Russian basketball player and coach

Vasily Nikolayevich Karasev (Василий Николаевич Карасев; born April 14, 1971) is a Russian former professional basketball player and coach.

==Professional career==
For several years, Karasev was the starting point guard of the Russian League club CSKA Moscow, in the EuroLeague. He also led CSKA to the 1996 EuroLeague Final Four, where he was named to the EuroLeague All-Final Four Team. He was selected to the FIBA EuroStars team in the years 1997, 1998, and 1999. He is widely considered to have been one of the best European point guards of the 1990s.

==National team career==
Karasev was the starting point guard of the senior men's Russian national basketball team, between 1993 and 2003. With Russia's senior national team, Karasev won two EuroBasket medals, the silver medal at the EuroBasket 1993 and the bronze medal at the EuroBasket 1997. He also won two FIBA World Cup silver medals, one at the 1994 FIBA World Championship, and one at the 1998 FIBA World Championship.

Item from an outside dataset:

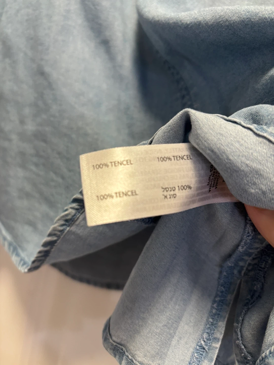 This light wash denim top is made from 100% Tencel. It's a size medium with short, puffed sleeves and decorative embroidery. The garment has a special treatment for a unique look.

At the 1998 FIBA World Championship, he was selected to the All-Tournament Team.

==Coaching career==
After he retired from playing professional basketball, Karasev began working as a basketball coach. He became the head coach of Triumph Lyubertsy (later renamed Zenit St. Petersburg), in 2012.

== Personal life ==
Vasily is the father of Sergey Karasev, a senior Russian national basketball team player, who has played with the pro clubs Triumph Lyubertsy, Canton Charge, Cleveland Cavaliers and Brooklyn Nets (NBA), and Zenit Saint Petersburg.